Unfortunately, most of the films exploit the negative stereotypes of rural Southerners. The Fleagles are “real hillbillies” as one of the characters notes, a word that makes my skin crawl when it is used outside the rural South. The Fleagles live in a dilapidated frame house in the backwoods, with cow skulls decorating the walls. When Pete notices the unusual décor, Ma pipes up, “Purty, ain’t it.” None of the Fleagle offspring are normal: Mert and Bert are easily outsmarted, while Elaney is the comic version of the banjo-playing kid in Deliverance. I was relieved to discover that the most immoral character in the film is the Yankee outsider, the over-educated Mr. Johnson.
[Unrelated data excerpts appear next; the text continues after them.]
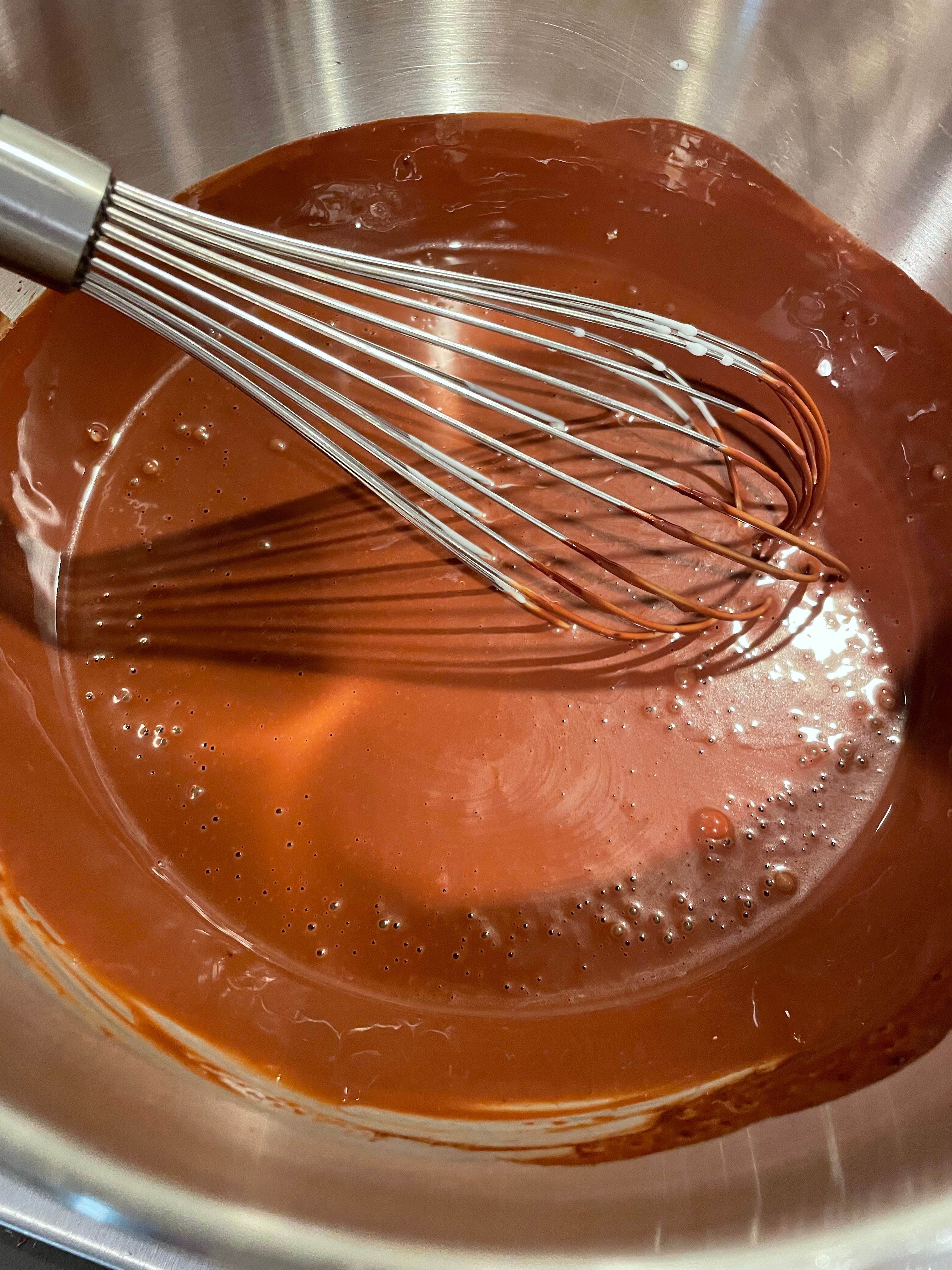 Tip 4: Melt the chocolate using the double-boiler method. It can be made right before you start and cool while you make the rest of the frosting and it should cool in time. Do keep an eye on it and make sure it doesn’t solidify. If it starts to solidify you can re-melt it using the same method, although preferably just keep it near something warm (like above an oven – though don’t let it get too hot) if you notice it starting to harden and periodically stir it.
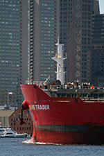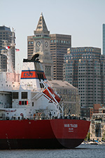 from here (carlton's wharf) i had a great view of boston across the water, with the cargo vessel mare trader (last seen from chelsea) about to transit the city.
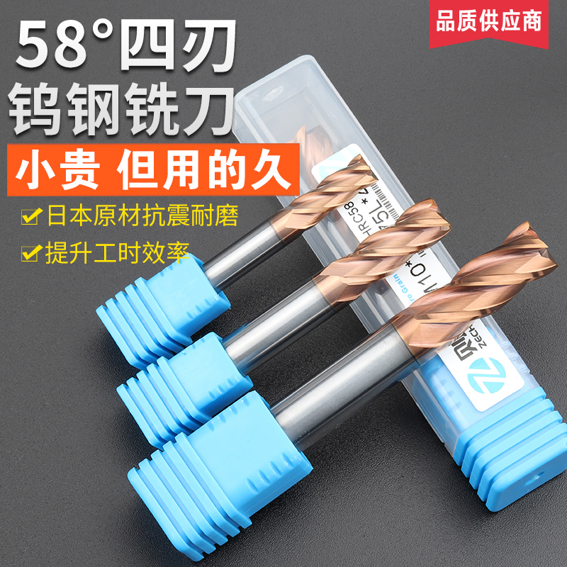Japan imported 58-degree tungsten steel milling cutter carbide 4-edged cnc CNC tool lengthened four-edged flat-bottomed end mill
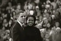 - ↑ Pallasch, Abdon M. (26 de agosto de 2008). «Michelle Obama celebrates Chicago roots». Chicago Sun-Times. Consultado em 26 de agosto de 2008
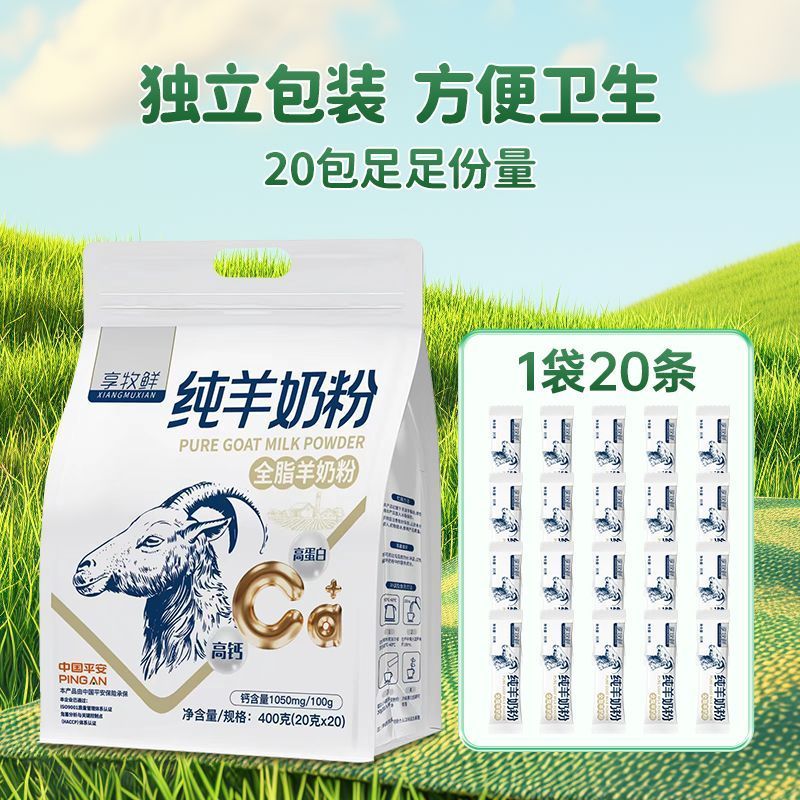 享牧鲜纯羊奶粉400g青年儿童女士中老年无蔗糖全脂羊奶20g*20条 袋装纯羊奶粉 400g*2袋装纯羊奶粉
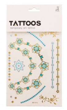 Tijdelijke sieraden Tattoo, blijft 3 tot 7 dagen zitten. Knip uit wat je leuk lijkt, en plak het dmv. een spons en wat water op de huid, en zie... een heel leuk effect, en omdat het goud-of zilverkleurig is weer eens iets anders! Deze heeft ook turqoise-kleurige elementen, nieuw!

Like most old dark house movies, the action takes place almost entirely in one location, and the frightening Fleagle farm becomes a carnival fun house of secret passageways, dark cellars, and rickety rooms. This rural version of the old dark house offers ample opportunity for the two “normal” characters, Pete Marshall and Claire Mathews (played by Helen Walker), to stumble into trouble around every corner. The peculiarities of each room make for a unique setting for various comic situations. During a dinner scene at a round table that is a really a big lazy Susan, the characters play a game of hot potato as they try to avoid eating grits that have been covered in radioactive gravy. Each finds an excuse to spin the table so as to move the offending gravy out of their way, until no one can remember which plate is the “hot” one. In the cellar, Pete subdues Bert or Mert in the potato bin, with the twin’s feet sticking out over the edge. When someone catches him, he plops down on the twin in a position that makes it look like it is his feet sticking out of the bin. Every time the twin moans or kicks, Pete pretends as though it is his legs twitching. The sequence is MacMurray’s best comic scene.
Murder, He Says is not currently on the TCM schedule, but it is paired with another “hicks pic,” Feudin’, Fussin’ and a-Fightin’ on DVD.